Die Eltern begründeten die Ausschlagung der Erbschaft damit, dass Sie davon ausgehen, dass der Nachlass überschuldet ist. Aus Sicht des Nachlassgerichtes ergab sich aus dem Sachvortrag der Eltern nicht, dass der Tatbestand der Überschuldung des Nachlasses als nachgewiesen angesehen werden konnte. Das Gericht war daher gezwungen, im Rahmen seiner Entscheidung über die Genehmigung der Ausschlag der Erbschaft durch die Eltern, die Frage der Überschuldung des Nachlasses von Amts wegen zu klären.
Das Nachlassgericht beschränkte sich bei seinen Nachforschungen auf gerichtsinterne Ermittlungen. Diese gerichtsinterne Ermittlungen führten aus Sicht des Nachlassgerichtes nicht zum Nachweis der Überschuldung des Nachlasses. Die von den Eltern erklärte Ausschlagung der Erbschaft wurde daher vom Nachlassgericht nicht genehmigt, da das Nachlassgericht die Überschuldung nicht feststellen konnte und daher im weiteren Verfahren davon ausging, dass die Ausschlagung im Interesse des Kindeswohles nicht geboten war.
Gegen diese Entscheidung des Nachlassgerichtes wandten sich die Eltern. Das angerufene OLG Schleswig-Holstein gab der Beschwerde statt. Das OLG Schleswig-Holstein begründet diese Entscheidung damit, dass sich das Nachlassgericht im Rahmen seiner Pflicht zur Sachaufklärung nicht darauf beschränken darf, gerichtsinterne Ermittlungen vorzunehmen. Aus dem Grundsatz der so genannten Amtsermittlung ergibt sich für das Nachlassgericht vielmehr, dass dieses verpflichtet ist, auch Ermittlungen außerhalb des Gerichtes vorzunehmen. Im vorliegenden Fall verwies das OLG Schleswig-Holstein das Nachlassgericht insbesondere auf die Möglichkeit, entsprechende Auskünfte von nahen Verwandten des Erblassers über dessen Vermögensverhältnisse zum Todeszeitpunkt einzuholen.

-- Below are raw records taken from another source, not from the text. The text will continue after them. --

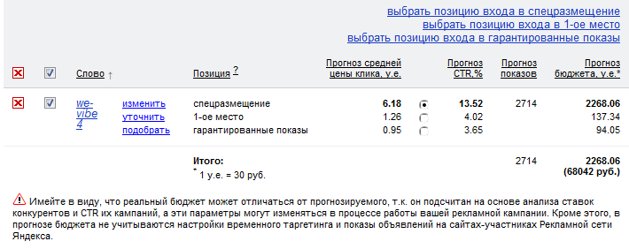 Π ΡΠ΅Π·ΡΠ»ΡΡΠ°ΡΠ΅ ΠΏΠΎΠ»ΡΡΠ°Π΅ΡΡΡ ΡΠ°Π±Π»ΠΈΡΠ° Ρ ΠΊΠ»ΡΡΠ΅Π²ΡΠΌΠΈ ΡΠ»ΠΎΠ²Π°ΠΌΠΈ, ΡΠ°ΡΡΠΎΡΠ½ΠΎΡΡΡΡ ΠΈ ΠΏΡΠΎΠ³Π½ΠΎΠ·Π°ΠΌΠΈ ΡΡΠ΅Π΄Π½Π΅ΠΉ ΡΠ΅Π½Ρ ΠΊΠ»ΠΈΠΊΠ°, ΡΠΏΠΈΡΡΠ²Π°Π΅ΠΌΠΎΠΉ ΡΡΠΌΠΌΡ, CTR, ΠΊΠΎΠ»ΠΈΡΠ΅ΡΡΠ²Π° ΠΊΠ»ΠΈΠΊΠΎΠ² Π² ΠΌΠ΅ΡΡΡ ΠΈ Π±ΡΠ΄ΠΆΠ΅ΡΠ°. Π§ΡΠΎΠ±Ρ ΡΠΏΡΠΎΠ³Π½ΠΎΠ·ΠΈΡΠΎΠ²Π°ΡΡ Π±ΡΠ΄ΠΆΠ΅Ρ ΡΠ΅ΠΊΠ»Π°ΠΌΠ½ΠΎΠΉ ΠΊΠ°ΠΌΠΏΠ°Π½ΠΈΠΈ, Π²ΡΠ±Π΅ΡΠΈΡΠ΅ ΠΏΠΎΠ΄Ρ ΠΎΠ΄ΡΡΠΈΠ΅ ΡΠ»ΠΎΠ²Π° ΠΈ ΠΊΠ»ΠΈΠΊΠ½ΠΈΡΠ΅ Β«ΠΠΎΠ±Π°Π²ΠΈΡΡ Π² ΠΌΠ΅Π΄ΠΈΠ°ΠΏΠ»Π°Π½Β».
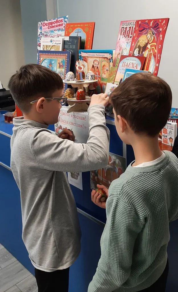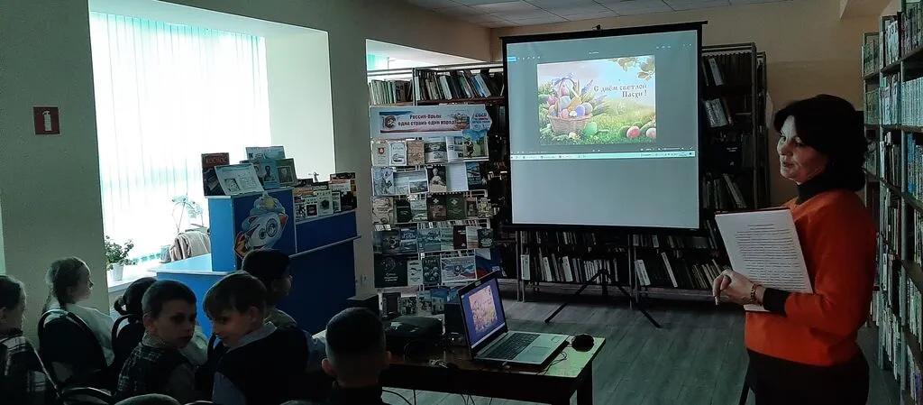 На старшем абонементе с учащимися 5-А класса МОУ «СШ №5» прошел православный час «Традиции светлой Пасхи». Ребята познакомились с историей праздника, с пасхальными традициями и обычаями наших предков, сохранившимися до наших дней. Юные читатели узнали, что традиционный подарок на Пасху – крашеное яйцо, как символ зарождения новой жизни. Участники мероприятия рассказали о том, как в их семье отмечают Пасху, поделились секретами украшения пасхальных яиц. Но каковы бы ни были традиции и обычаи, суть праздника Пасхи везде одинакова. Она несёт людям свет, любовь и надежду, которую сложно переоценить. А завершилась встреча обзором книжной выставки «Пасха красная! Пасха светлая!», на которой были представлены книги о празднике, о его народных традициях и обычаях, а также художественные произведения пасхальной тематике, а украшают выставку пасхальные атрибуты - крашеные яйца, веточки вербы, поделки, сувениры, сделанные руками читателей.
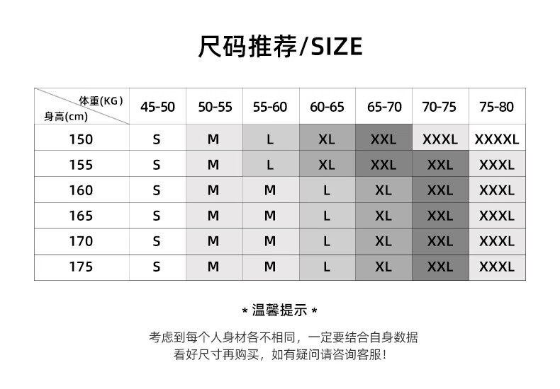 China (cm) 160-165/84-86 165-170 / 88-90 167-172 / 92-96 168-173 / 98-102 170-176 / 106-110
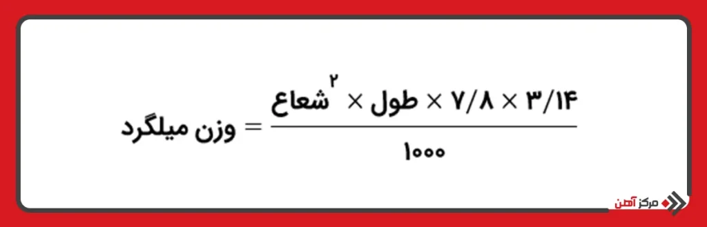 تعیین سایز میلگرد از طریق وزن کردن آن با استفاده از ترازو در مقایسه با کنترل چشمی، دقت بیشتری دارد. در این روش ابتدا وزن میلگردهای ساده و آجدار با طول های مختلف، با استفاده از ترازو اندازه گیری میشود. سپس با داشتن وزن میلگرد، قطر آن را از طریق فرمول زیر محاسبه می کنند. البته این روش برای تعیین سایز میلگردهای بسته شده کارایی نخواهد داشت.
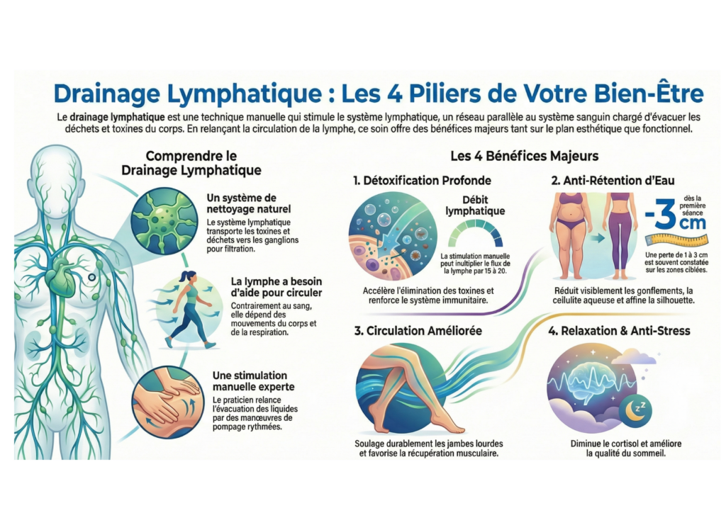Le drainage lymphatique agit comme un véritable « reset » métabolique. En accélérant le flux lymphatique, on permet :
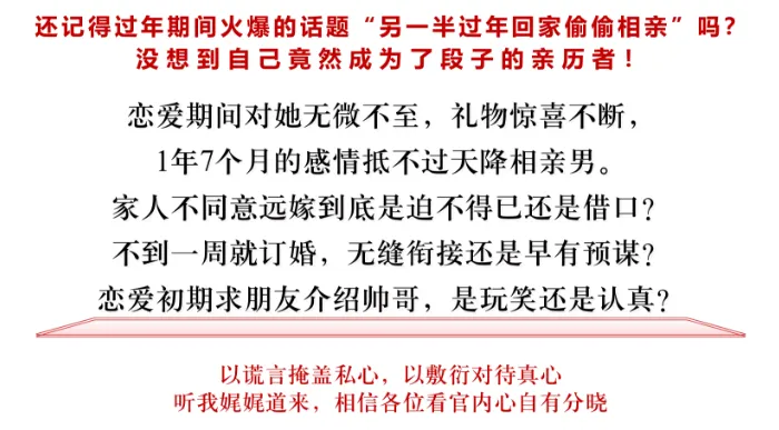 女生回老家,只用 6 天:相亲 → 见面 → 确定关系 → 见家长 → 敬酒 → 拍全家福 → 订婚。
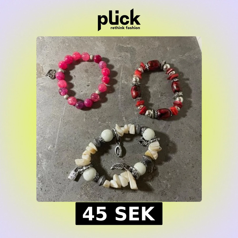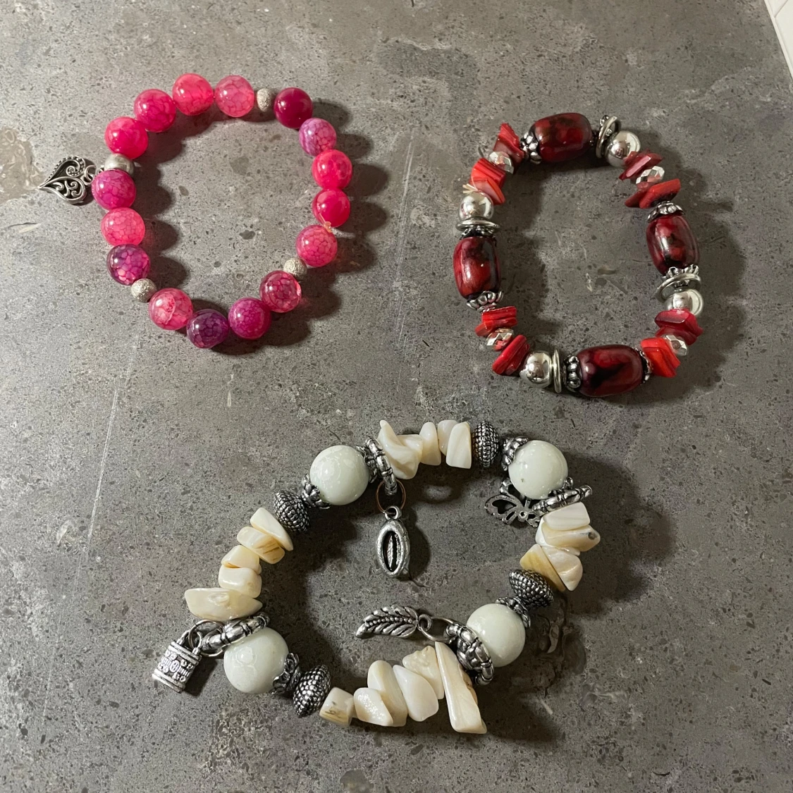 Säljer tre armband: ett med rosa/lila pärlor och hjärtberlock, ett med röda stenar och silverdetaljer, samt ett med vita pärlor, snäckor och flera små berlocker i silverfärg. 1 för 45 alla för 110kr men pris går att diskutera🙏
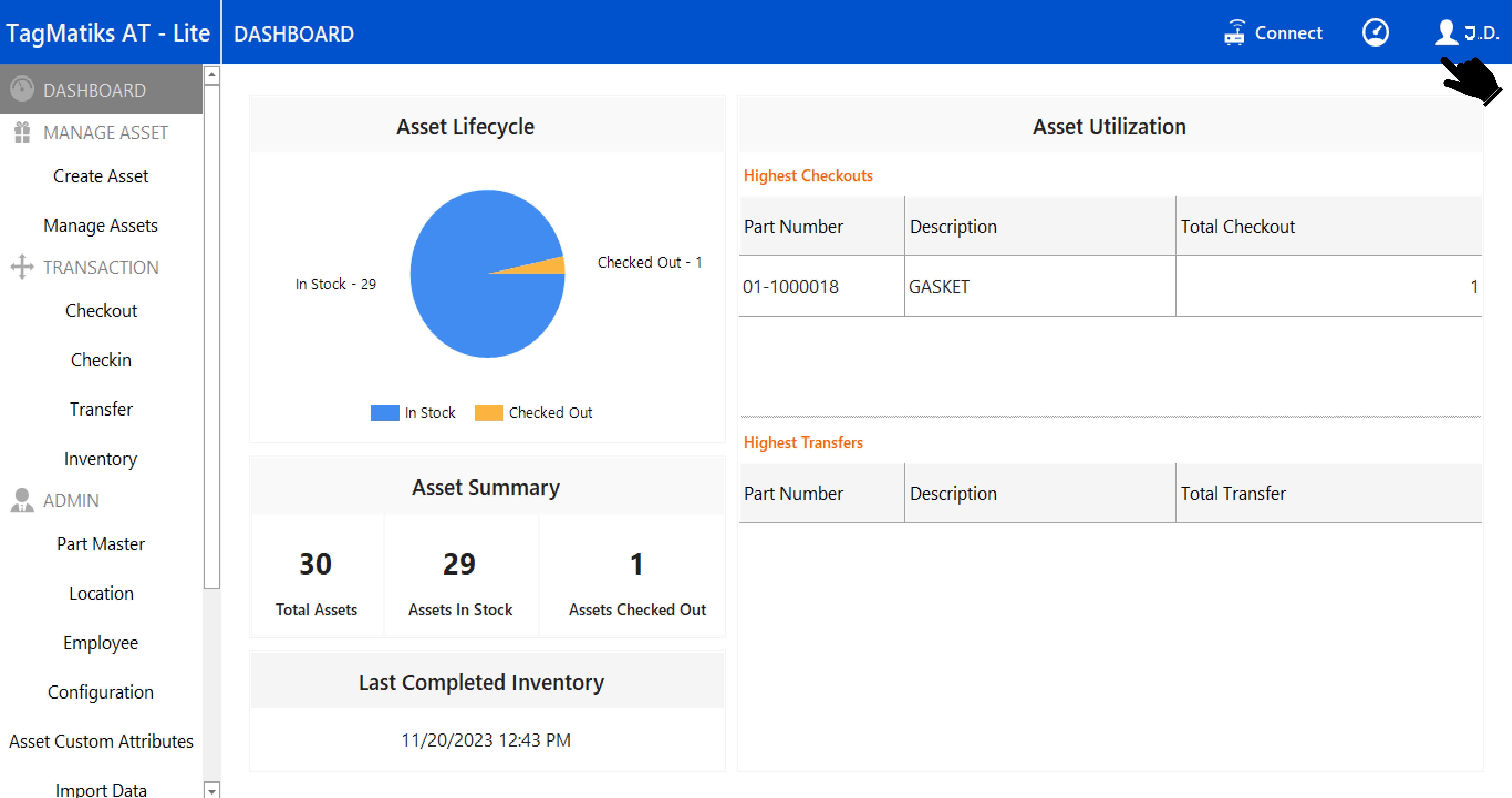 A. After successfully login into TagMatiks AT Lite Windows, you should see the dashboard as illustrated in the picture below.
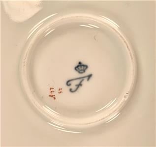 - This Design Was Originally Made By Furstenberg Between 1840-1850, Was Then Reintroduced In 1913, And Is Still Being Manufactured To The Present Day - The Blue "F" Backstamp Without Full Company Name On The Back Dates This Piece Between 1966-2006 - Additionally, There Is A Handwritten Letter And Number Code (Serial Number) On The Back In Red (A77 37) - This Piece Is Most Likely Vintage, Because It Is No Longer Available On The Furstenberg Website (Today's Casseroles Have A Flared Base, A Curved Profile And Handles That Are Angled Upwards - These Features Are In Contrast To This Bowl's Lightly Tapered Base With Shallow Foot, The Straight Edge Profile And Horizontal-Pointed Handles)

Auf der Grundlage der vorliegenden Entscheidung können insbesondere Eltern, die seit langer Zeit keinen Kontakt mehr zum Erblasser hatten, vom Nachlassgericht verlangen, dass dieses die Ermittlungen durchführt, die zur Überprüfung der Beschuldigung des Nachlasses notwendig sind und zu der die Eltern selbst praktisch nicht in der Lage sind.